Ноябрь

Алекс Русс
        Ноябрь. Снежинки на лету превращаются в капли. Под ногами течёт и хлюпает, а он идёт в домашних тапочках, коротких штанишках и маечке с бретельками. Слёзы мешают ему смотреть, отчаянно размазывая их по лицу, он громко плачет и зовёт : «Мама!».
  Прохожие брезгливо обходят потерявшегося ребёнка. Все привыкли к тому, что эти переселенцы (или беженцы?) всегда держатся стайками: две-три женщины и кучка детей, одетых пёстро, не по сезону или на два размера больше. Прохожу мимо и я, краем глаза пытаясь выхватить из толпы людей в ярких восточных одеждах. Детский плач уже далеко позади, но осенний чёрно-белый пейзаж, словно гравюра, и нет в нём места ярким краскам. Замедляю шаги и озираюсь по сторонам. Вода сверху, вода снизу, прохожие с зонтами или в капюшонах и … раздетый ребёнок. Чужой, не русский, ребёнок. Я смотрю на него и вдруг на мгновение вижу своего сына. Ему ещё нет четырёх, он не выговаривает половины букв и не знает своего домашнего адреса, он любит чупа-чупс и называет его «потопчусь».
 -Где твоя мама? – спрашиваю я. Мальчик хватает меня за палец и, понимая только вопросительную интонацию и слово «мама», что-то говорит. Горе в глазах сменяет надежда.

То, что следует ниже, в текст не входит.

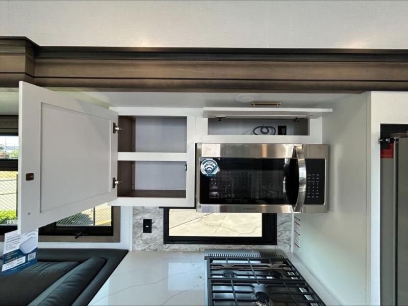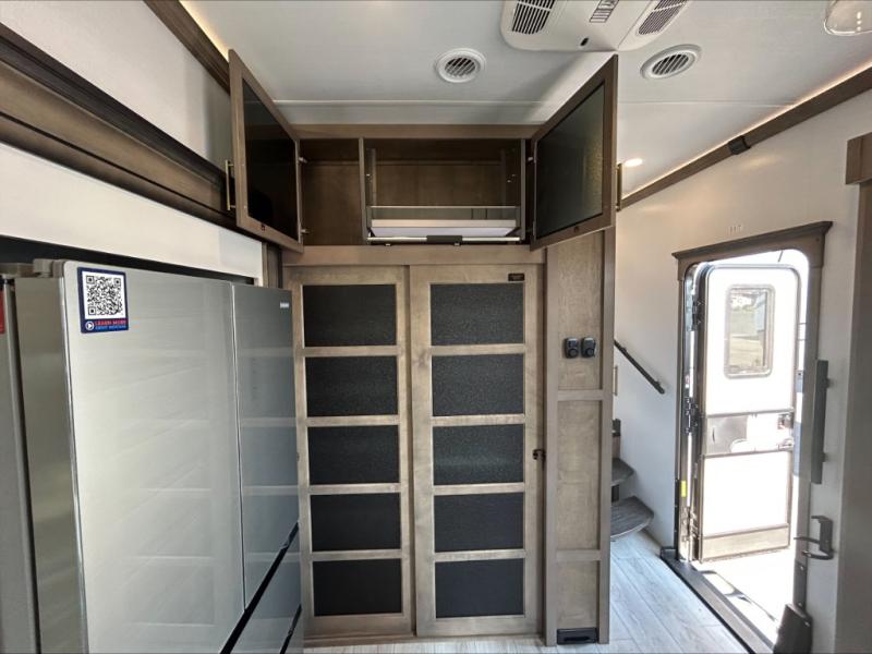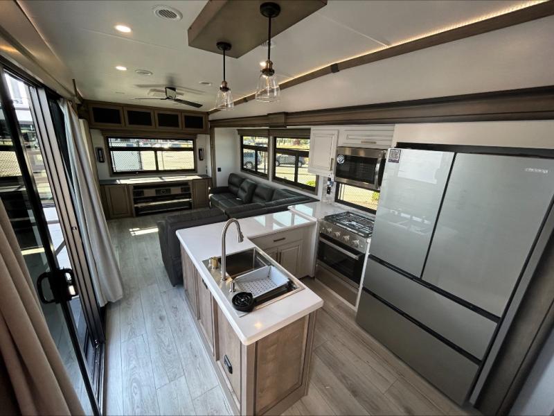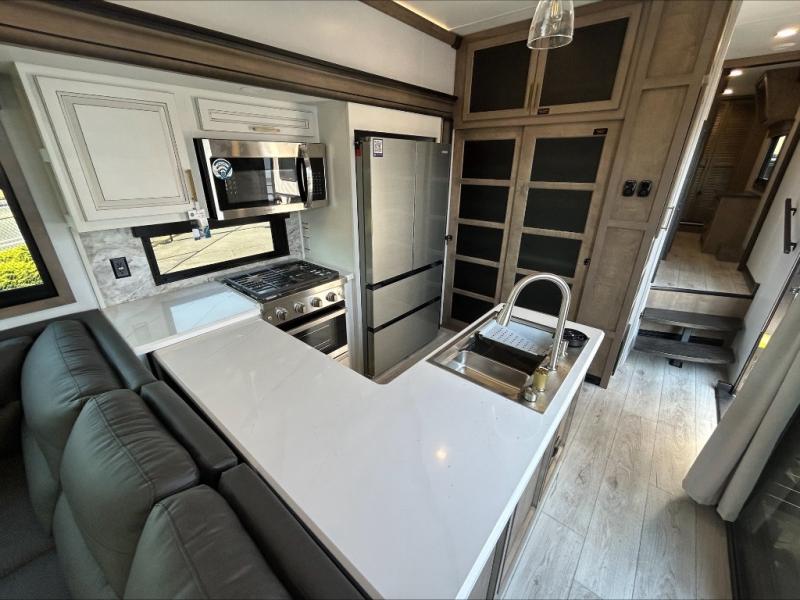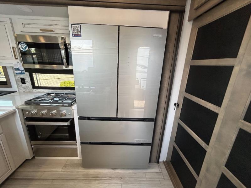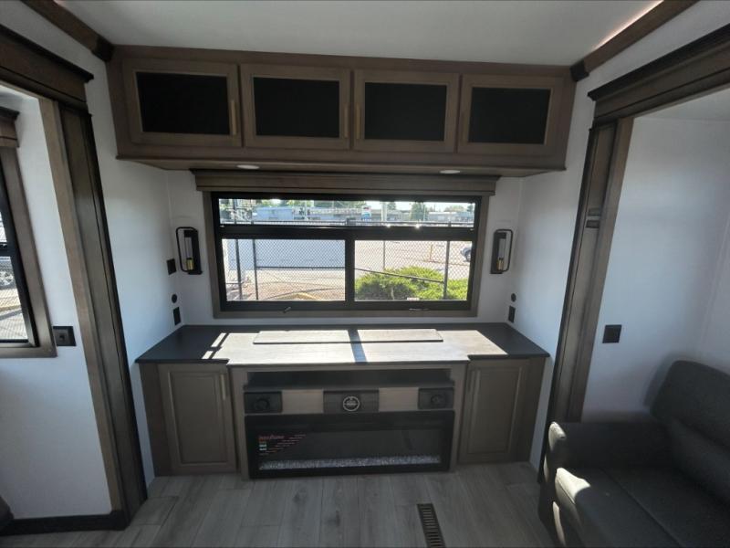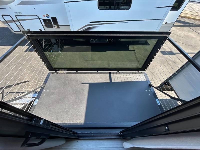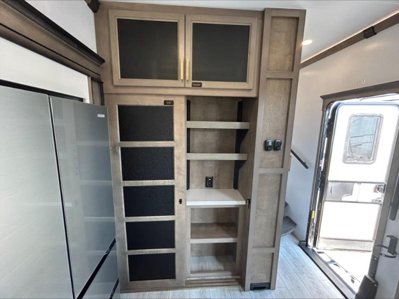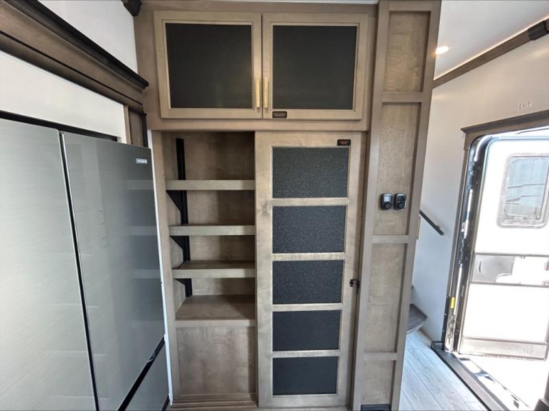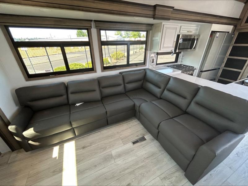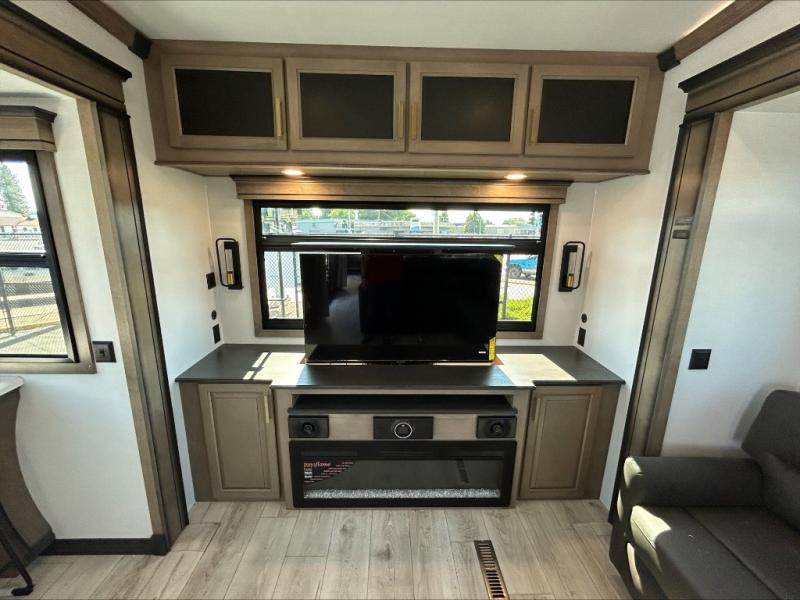 Luxury abounds throughout this fifth wheel starting in the centrally located kitchen featuring an L-shaped counter, a pull down storage pantry, a 24" range with an overhead convection microwave, and an 18 cu. ft. residential refrigerator with ice an maker. Just up the steps to the right of the entry, you will find a spacious bathroom featuring a 48" x 30" fiberglass shower with a seat, decorative glass enclosure, linen cabinet, and skylight above it for more natural lighting. Sleep like a baby in the front private bedroom on the king bed slide with storage underneath, and keep your clothes looking their best with the front closets. The rear entertainment living area offers true relaxation with L-shaped seating including a hide-a-bed sofa along the roadside, and powered theater seating facing the entertainment center with a 5,000 BTU decorative fireplace heater and Smart TV to watch your favorite movies! And don't overlook the best part, the powered side patio to entertain guests!

 - Где ты живёшь, ну, веди…
Интуитивно чувствуя суть вопроса, он тянет меня в один из дворов-колодцев. Бурый кирпич, серое небо, слепые окна и грязная каша вместо асфальта… Мальчик показывает на парадное. В одной квартире не открыли. В другой пожимают плечами. В третьей спрашиваю, не снимают ли поблизости квартиру узбеки, таджики или цыгане. Девушка с сочувствием смотрит на малыша, с сожалением качает головой. Ещё подъезд, ещё двор…  Вот кто-то вспомнил, что кажется, через улицу, возможно… Опускаюсь на корточки, смотрю ему в лицо. «Не бросай», молча, кричат карие глаза, тельце дрожит от холода и страха. Снова колодец. Продрогшие мы  заходим в какой-то офис. Объясняю суть дела. Молодая женщина снимает с себя красивую вязаную кофту из ангорской шерсти, заворачивает в неё грязного малыша, а я не понимаю, почему сам не сделал этого раньше…
 Нет, она живёт в другом районе и здесь ни кого не знает. А потом вспоминает:
 - Рядом, через улицу, районное отделение милиции. Идёмте туда.
Прижимая ребёнка к груди, как своего, она надела и застегнула куртку. Из-под  женского подбородка выглядывает смуглая мордашка. У меня потеплело – она мать и знает, что делать.
 Старшина милиции настороженно смотрит на нас. Я объяснил, где и как подобрал мальчика. Милиционер без эмоций распорядился:
 - Сержант, одеяло из дежурки и этих двоих из обезьянника – сюда.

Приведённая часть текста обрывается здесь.